## [Task to complete]
The answer must consist of each line of the records below that contains the string "bringen".

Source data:

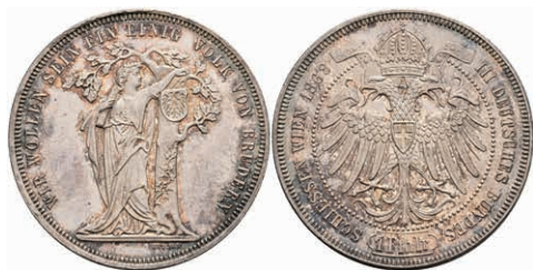
452 Taler, 1868, Franz Josef I. auf das III. Deutsche Bundesschiessen in Wien, Herinek 482, Dav. 28., kleine Randfehler, vz-st. 100,—
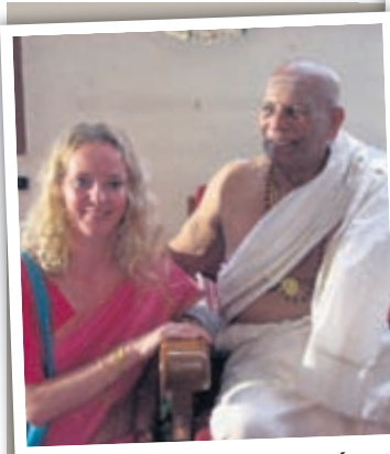
Ég ásamt jógakennaranum mínum heitnum, Sri K. Pattabhi Jois, í Mysore á Indlandi.
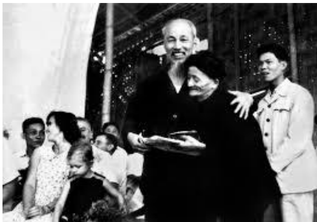
Bác Hồ tặng quà cho các cụ

Bên cạnh đó Chủ tịch Hồ Chí Minh còn thể hiện rõ tinh thần yêu trẻ, kính già, trọng phụ nữ.
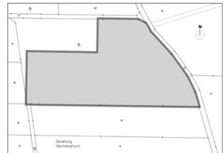
Plangebiet Vorhabenbezogener Bebauungsplan „Biogasanlage In-Trust“
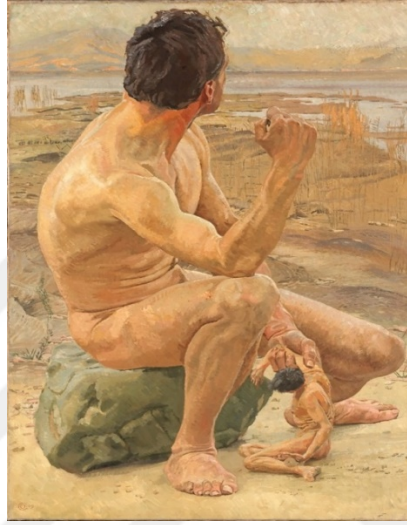
Resim 10. Otto Greiner, (1909), Kayanın Üzerinde Oturan Prometheus Düşünceli Bir Şekilde Kilden Yeni Biçimlendirdiği İnsanın Bedenini Düşünüyor Ve Ona Hayat Verecek Ruhun Gelişini Bekliyor

Günümüzde hızla gelişen teknolojiyle beraber seramik; sanatsal değerinin, kullanım eşyası olarak yararlanılmasının yanı sıra bilimsel yenilikler için çokça tercih edilip, teknolojiye önemli katkılar sağlayarak gelişimine devam etmektedir. Bu süreç içinde; toprağın şekillendirilmesinin ardından ölümsüz olmasını sağlayan yegâne olgu ateş olmuştur.
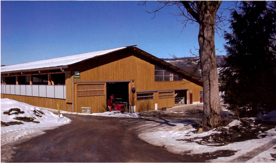
Abb. 1: Auch grossvolumige Ökonomiegebäude lassen sich gut ins Gelände einbetten. Grosse Öffnungen bringen Licht und Luft in die Gebäude (Krieger AG).

gefangen sein. Und die anderen Kinder möchten vielleicht auch noch etwas erben. Was die Zukunft und der Markt bringen werden, weiss niemand. Betriebsumstellungen könnten notwendig werden. Dafür sind finanzielle Reserven vorzusehen. Oder die Bauernfamilie bleibt in ihrer misslichen wirtschaftlichen Lage stecken. Einem Betriebsleiterpaar stehen rund 30 Jahre aktive Zeit zur Verfügung. Vom ersten Tag an muss darum das verfügbare Geld auf das übergeordnete Zielsystem aufgeteilt werden. Alles in ein Bauprojekt zu stecken, geht nicht mehr.
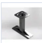
12664 STAFFA FISSAGGIO PLAFONE
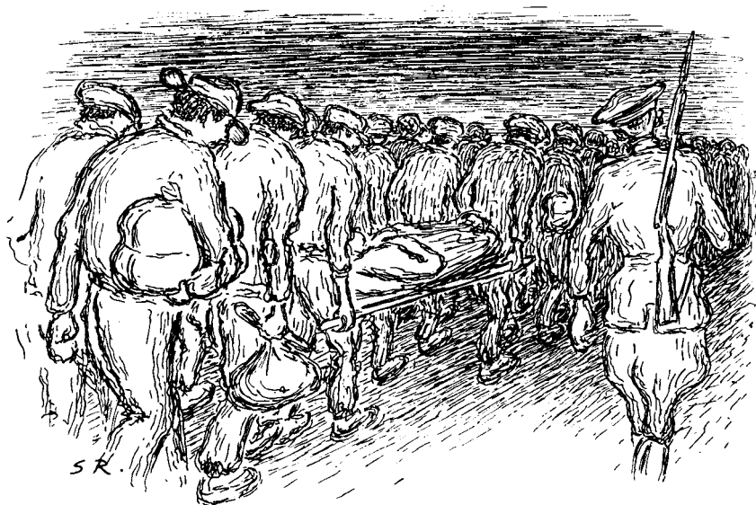
De første skritt mot gasskamrene — —. Jødene deporteres.

Den 26. om kvelden var det appell. Denne ebbet imidlertid ut uten at noe hendte, og fangene ble sendt inn igjen. Men det lå noe truende i luften. Denne følelsen ble ytterligere forsterket ved en historie som ét par av vokterne brygget sammen: At de allierte hadde gjort invasjon og at belegget på Berg av den grunn ville bli forflyttet i løpet av natten. Selv om alle var klar over at dette var en skrøne, hadde den sin virkning. Klokkene 4 om morgenen fikk hver utlevert to brød og seks sildekaker. Da skjønnte alle at det foresto en lang reise. Og da det kom ordre om at yttertøy, gummistøvler og beksømsstøvler skulle bli igjen, var det klart at det gjaldt en reise ut av landet.
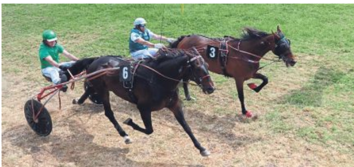
Ein Duell geprägt von Eleganz und Schnelligkeit.

Die Besucher erwartet auch in diesem Jahr ein abwechslungsreiches Rennprogramm mit packenden Duellen und
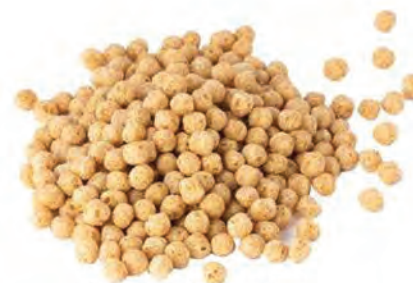
CEREAL EXTRUIDO DE QUINOA
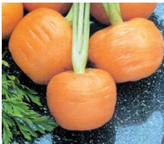
شکل ۱۵-۳- هالی پی اس
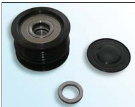
Slika 1: 535 0116 10
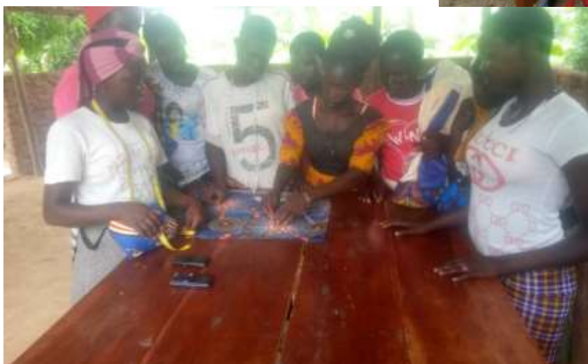
Undervisning i mønster og klip
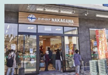
スーパーストアナカガワ 徒歩9分
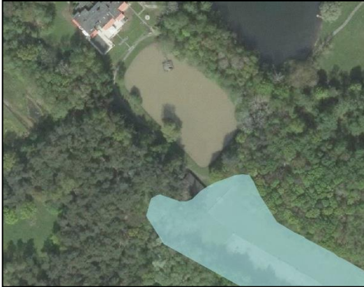
Figuur 9: bestaande begrenzing 'Groenblauwe mantel'
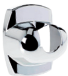
Plate-cover assembly with chrome finish
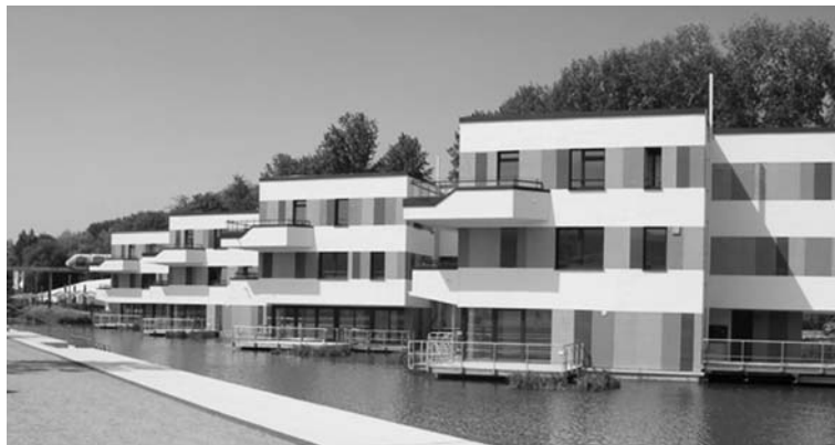
Fot. 11. Przykład pływającej architektury: zespół WaterHouses u wejście do Wilhelmsburg Island Park
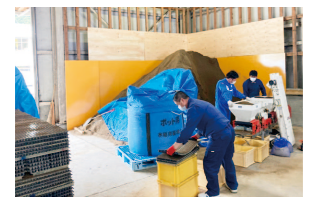
播種作業を行う生産者

4月に入り本年作の水稻育苗事業が本格的に開始され、れいほく管内にあるJA育苗施設においても、水稻もみの播種作業が行われました。この作業は、芽出しされたもみ種を専用の播種機械を使用し、苗箱に播種をする作業で、本年度、JA育苗センターも1か月間で約9万枚の育苗箱へ初の播種を行う予定です。 作業に訪れた生産者は、播種したたたくさんの苗箱をトラックに積み込み、豊作を祈願し持ち帰りました。
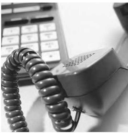
● «Вопросы, связанных с ЕГЭ, меньше не становится».

Информация о проведении Единого государственного экзамена в Магнитогорске будет размещаться на странице управления образования сайта администрации города ( http://www.magnitog.ru/ ).
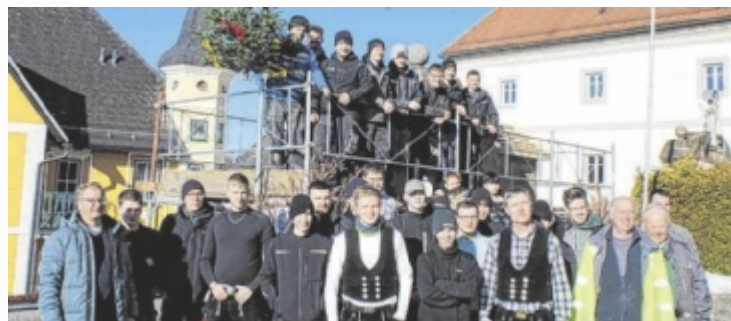
Die fleißigen Handwerker führten Sanierungs-Arbeiten durch.
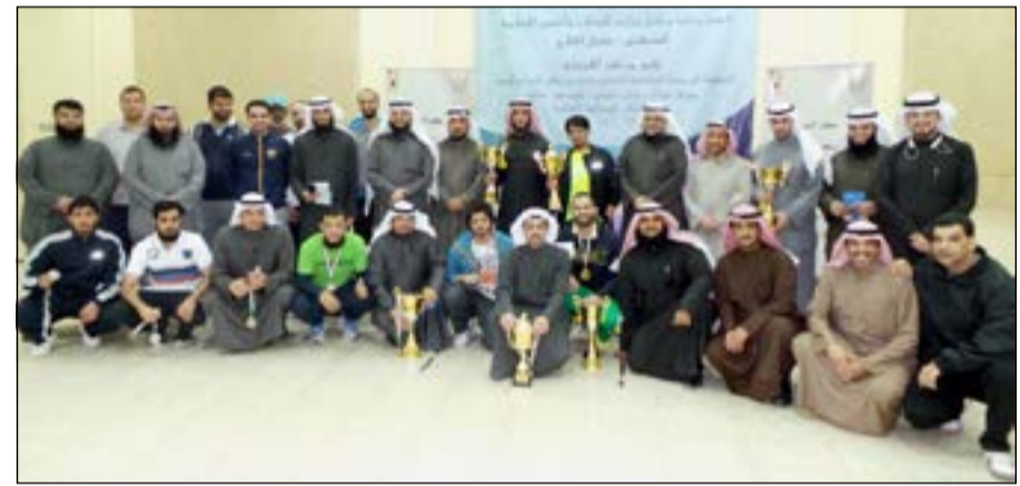
مجموعة من المشاركين في البطولة

## [Output]
Abb. 1: Auch grossvolumige Ökonomiegebäude lassen sich gut ins Gelände einbetten. Grosse Öffnungen bringen Licht und Luft in die Gebäude (Krieger AG).
gefangen sein. Und die anderen Kinder möchten vielleicht auch noch etwas erben. Was die Zukunft und der Markt bringen werden, weiss niemand. Betriebsumstellungen könnten notwendig werden. Dafür sind finanzielle Reserven vorzusehen. Oder die Bauernfamilie bleibt in ihrer misslichen wirtschaftlichen Lage stecken. Einem Betriebsleiterpaar stehen rund 30 Jahre aktive Zeit zur Verfügung. Vom ersten Tag an muss darum das verfügbare Geld auf das übergeordnete Zielsystem aufgeteilt werden. Alles in ein Bauprojekt zu stecken, geht nicht mehr.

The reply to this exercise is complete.